# Evaluating Indefinite Integral, $\int \frac{2x+2}{\:2x^2-2x+1}dx$

How would I go about finding the indefinite integral below? Would I try to change the equation so that I can use the substitution rule? Thanks in advance.

$$\int \frac{2x+2}{\:2x^2-2x+1}dx$$

• Turn the numerator into differentiation of of denominator by manipulating the constant term in numerator. – Mrigank May 18 '17 at 8:44
• You probably also want to complete the square in the denominator to turn whatever remains after following Mrigank's tip into a table form. – Jyrki Lahtonen May 18 '17 at 8:45
• BTW. Did you search the site? I am very sure that we have handled integration of rational functions with a positive definite quadratic denominator before. – Jyrki Lahtonen May 18 '17 at 8:46
• – k.Vijay May 18 '17 at 8:48
• Another option : sosmath.com/calculus/integration/trigsub/trigsub.html – lab bhattacharjee May 18 '17 at 8:53

Hint:

Rewrite $2x+2$ as $\frac12(4x-2)+3$, so that $$\int \frac{2x+2}{2x^2-2x+1}\,\mathrm dx=\frac12\int \frac{4x-2}{2x^2-2x+1}\,\mathrm dx+3\int \frac{\mathrm dx}{2x^2-2x+1}.$$ Now $$\int \frac{\mathrm dx}{2x^2-2x+1}=2\int \frac{\mathrm dx}{(2x-1)^2+1}$$ and set $u=2x-1$.

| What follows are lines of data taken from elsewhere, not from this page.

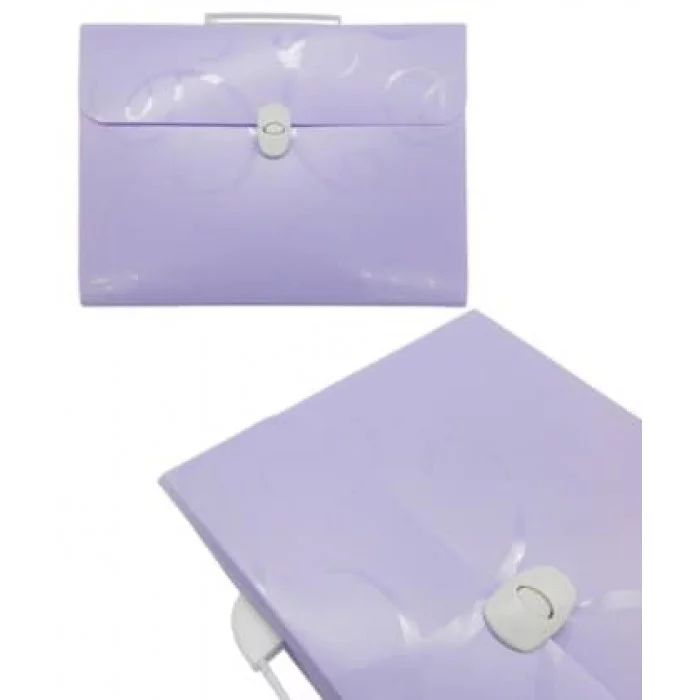 Папка портфель 12 отд. DD-205 Сиреневый пластиковый с узором, с застежкой и ручкой 329301
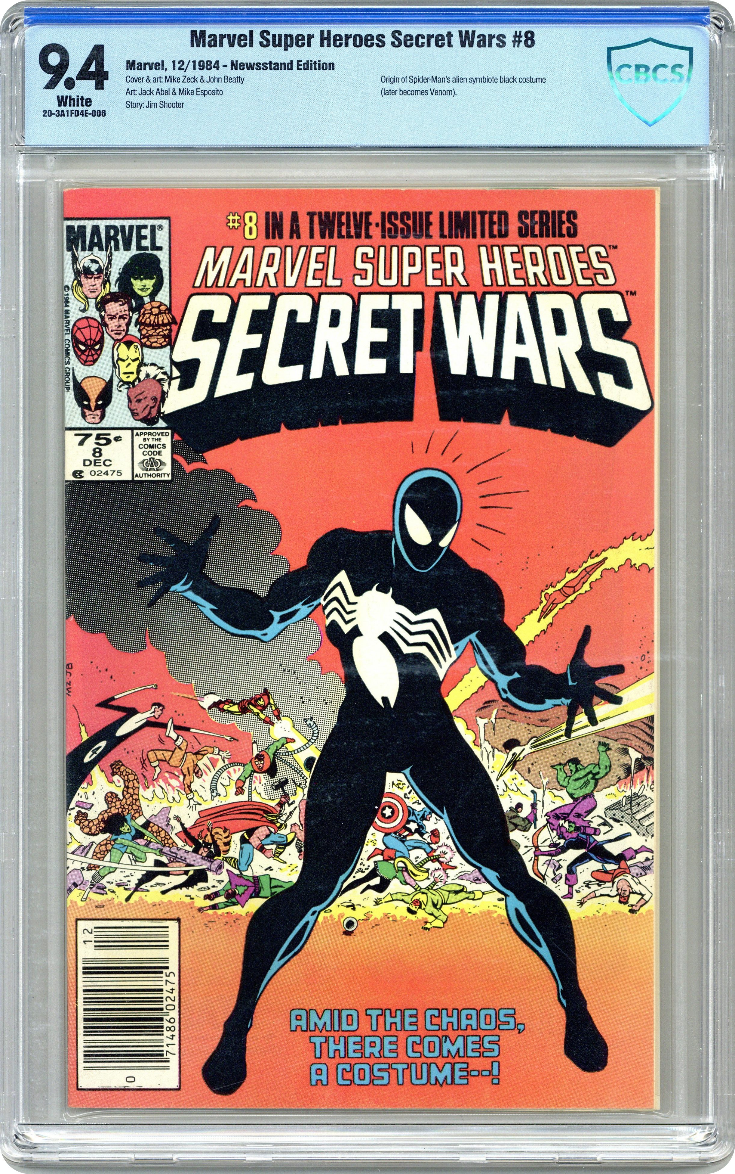 Ended Oct 16 2021 Winning Bid $205 Newsstand Edition. "Invasion!" Part 8 of 12. Story by Jim Shooter. Art by Mike Zeck, John Beatty, Jack Abel, and Mike Esposito. Tired of being the villains' punching bags, the heroes take the fight to their deadly foes' own doorstep. What follows is one of the most titanic super hero/villain tussles of all time. Plus, Spidey gets a new costume. 1st in continuity appearance of Spider-Man's black costume. See Amazing Spider-Man (Vol. 1) #252, Marvel Team-Up #141, & Spectacular Spider-Man #90 for the first appearances from 7 months earlier. NOTE: This costume turns out to be an alien symbiote that will later bond with Eddie Brock and become the tenacious Spidey villain known as Venom. See Amazing Spider-Man #300. 36 pages, full color. Cover price $0.75. Grade: CBCS 9.4 explanation of grade Condition: Used (collectible)
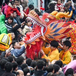 2月12日,在南昌市西湖区万寿宫历史文化街区,游客与板凳龙演员互动。新华社发(鲍赣生摄)
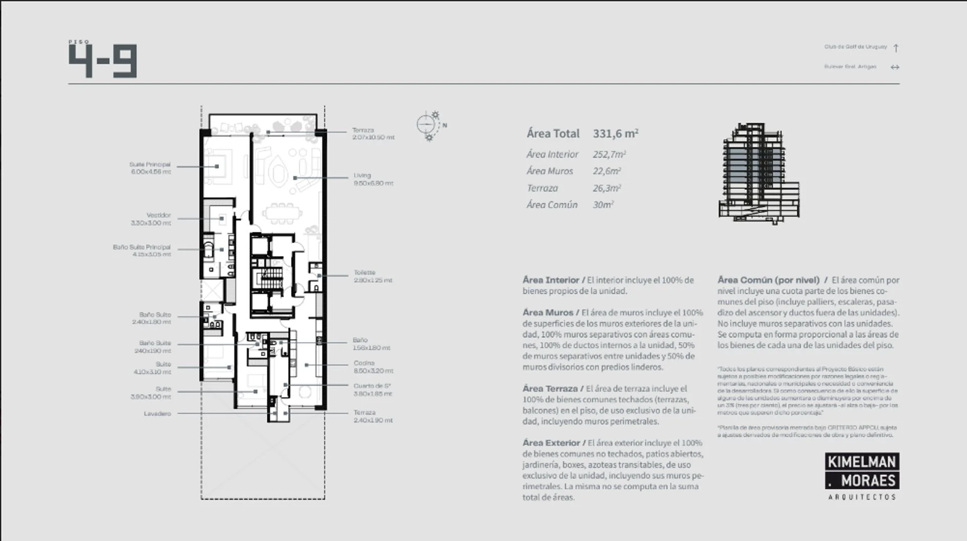 Corredor Responsable: - Contacto: Silvana De La Fuente SE VENDE EXCLUSIVO PROYECTO EN CONTRUCCIÓN SOBRE BV. ARTIGAS, FRENTE AL CLUB DE GOLF DE PUNTA CARRETAS. 234 Bulevar de Estudio Kimelman Moraes y Estudio Lecueder quienes presentan este nuevo edificio que redefine el concepto de funcionalidad y exclusividad en la zona. Se trata de 10 residencias únicas, incluyendo un increíble duplex, así como también un rooftop compartido, cada piso con las mejores vistas panorámicas hacia el entorno verde y la bahía. Opciones con parrillero y jardín en pisos bajos. En el piso 12 el Rooftop cuenta con un amplio mirador, barbacoa, sala gourmet, living con fogonero, yoga garden y solárium. Espacios cuidadosamente diseñados otorgando funcionalidad y confort para un estilo de vida único. Grupo Electrógeno Central telefónica con extensión a cada apartamento. Aires acondicionados con equipos VRF instaladas sobre el cielorraso distribuyen el aire mediante conductos. Calefacción por losa radiante Sistema Hidro Kit o Bomba de Calor. La seguridad es una premisa, contando con Portero eléctrico con sistema de video y sistema de monitoreo con los mas altos estándares. Domótica: Se entregan con la instalación en todos los ambientes, control de iluminación, cortinas, termostatos, con posibilidad de escalar en prestaciones de acuerdo a las necesidades del usuario. Materiales importados mayormente de Europa con finas terminaciones, Pisos de cuarzo o porcelánicos en living comedor, cocina, terrazas, y de madera de ingeniería de alta gama en dormitorios. Cielorrasos de hormigón visto. Aberturas DVH de excelente calidad. El precio de esta unidad corresponde a un 4to piso con amplia terraza. Hall de acceso a amplio living comedor con vistas panorámicas a la bahía y al golf. Toilette. Suite principal al frente con salida a terraza. Amplio vestidor. Dormitorios secundarios en suite, con placares. Cocina con muebles aéreos y bajo mesada, toda equipada con anafe, horno y microondas de empotrar, campana, lavavajillas y heladera panelable. Dormitorio de servicio con baño completo. Terraza lavadero. La unidad se destaca por sus vistas privilegiadas y sus finas terminaciones en alta calidad. Consulte por otras tipologías. Fecha de entrega prevista febrero 2026 Gastos de ocupación 4% Garajes simples U$S 30.000 y doble U$S 45.000 Dos subsuelos con espacios de guardado de vehículos y objetos personales. Baulera individual por apartamento Previsión para cargadores de autos eléctricos. Rampa con portón automático. No dejes de consultar para conocer un poco más sobre este proyecto único en la zona. Comisión inmobiliaria 3% más IVA. Cada Oficina es de propiedad, gestión y desarrollo independiente La presente publicación describe las características esenciales del inmueble, debiéndose consultar al responsable de la operación por la eventual actualización de las medidas, descripciones arquitectónicas y funcionales, servicios, impuestos, precios y demás información, cuyos valores son aproximados.
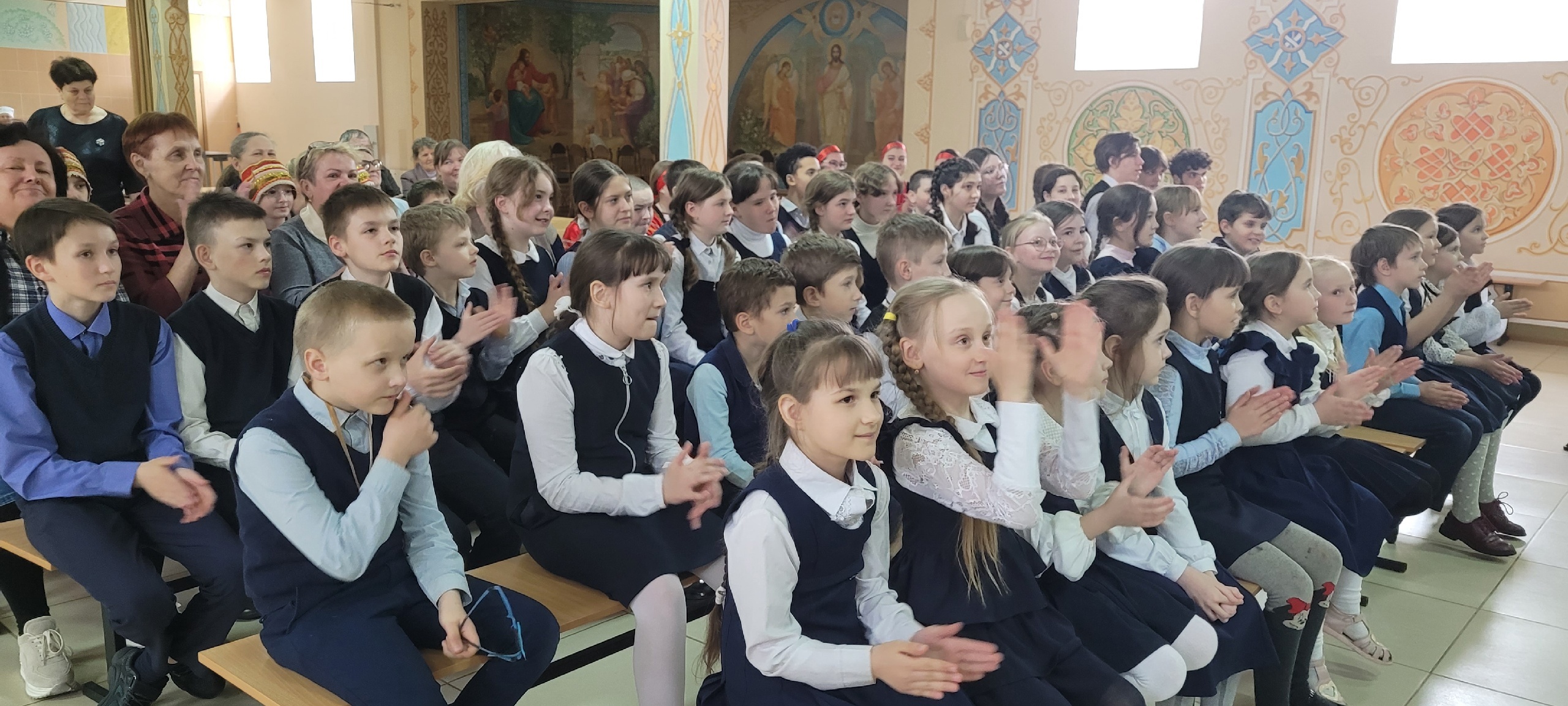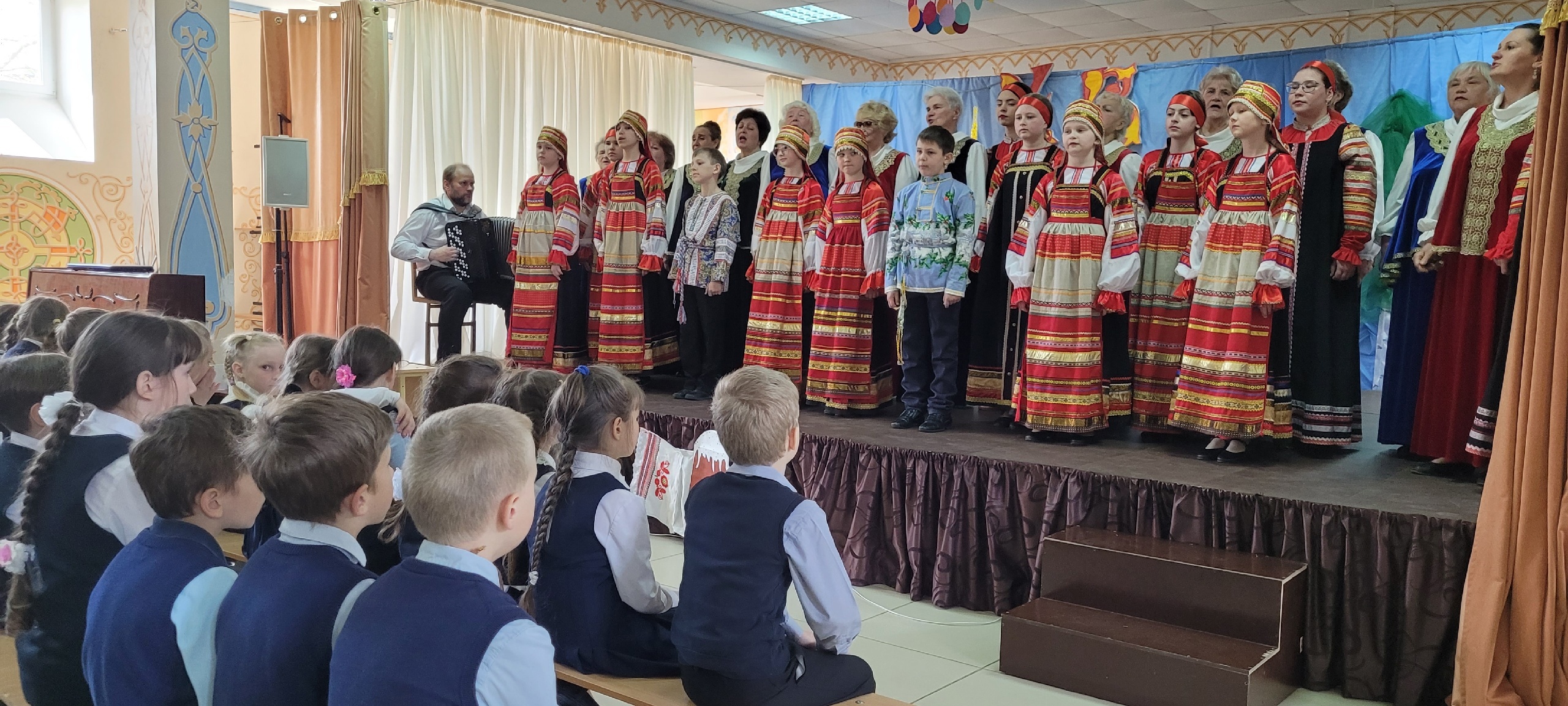 14 мая нашу школу посетили народный ансамбль «Суздалянка» и образцовый фольклорный коллектив «Брянички». В их исполнении прозвучали патриотические песни. Зрители тепло принимали коллективы и с удовольствием подпевали знакомые песни.

• Are you saying $\int \frac{\mathrm dx}{2x^2-2x+1}$ is equal to $\frac12\int \frac{\mathrm dx}{(2x-1)^2+1}$ ? – randb May 18 '17 at 9:21
• Sorry, I messed up with the fractions. We have a factor $2$ (fixed). Thanks for pointing it. – Bernard May 18 '17 at 9:35

$$I = \int \frac{2x+2}{\:2x^2-2x+1}dx$$

Write $$2x+2 = \frac{1}{2}(4x-2) +3$$

With this algebraic manipulation and integral now become:

$$I = \frac{1}{2}\int \frac{4x-2}{\:2x^2-2x+1}dx+\int \frac{3}{\:2x^2-2x+1}dx$$

First solving the first term

Let $$2x^2-2x+1 = u$$ $$(4x-2)dx = du$$

$$I = \frac{1}{2}\int \frac{du}{\:u}+\int \frac{3}{\:2x^2-2x+1}dx$$

$$I = \frac{1}{2}\ln|u|+\int \frac{3}{\:2x^2-2x+1}dx$$

Write

$$\:2x^2-2x+1 = (\sqrt2x - \frac{1}{\sqrt2})^2+\frac{1}{2}$$

$$I = \frac{1}{2}\ln|2x^2-2x+1|+\int \frac{3}{(\sqrt2x - \frac{1}{\sqrt2})^2+\frac{1}{2}}dx$$

Let $$\sqrt2x - \frac{1}{\sqrt2} = \frac{p}{\sqrt2}$$ $$dx = \frac{dp}{2}$$

$$I = \ln\sqrt{|2x^2-2x+1|}+3\int \frac{dp}{p^2+1}dx$$

$$I = \ln\sqrt{|2x^2-2x+1|}+3arctanp + C$$

$$I = \ln\sqrt{|2x^2-2x+1|}+3arctan(2x-1) + C$$

comment on the step you don't understand.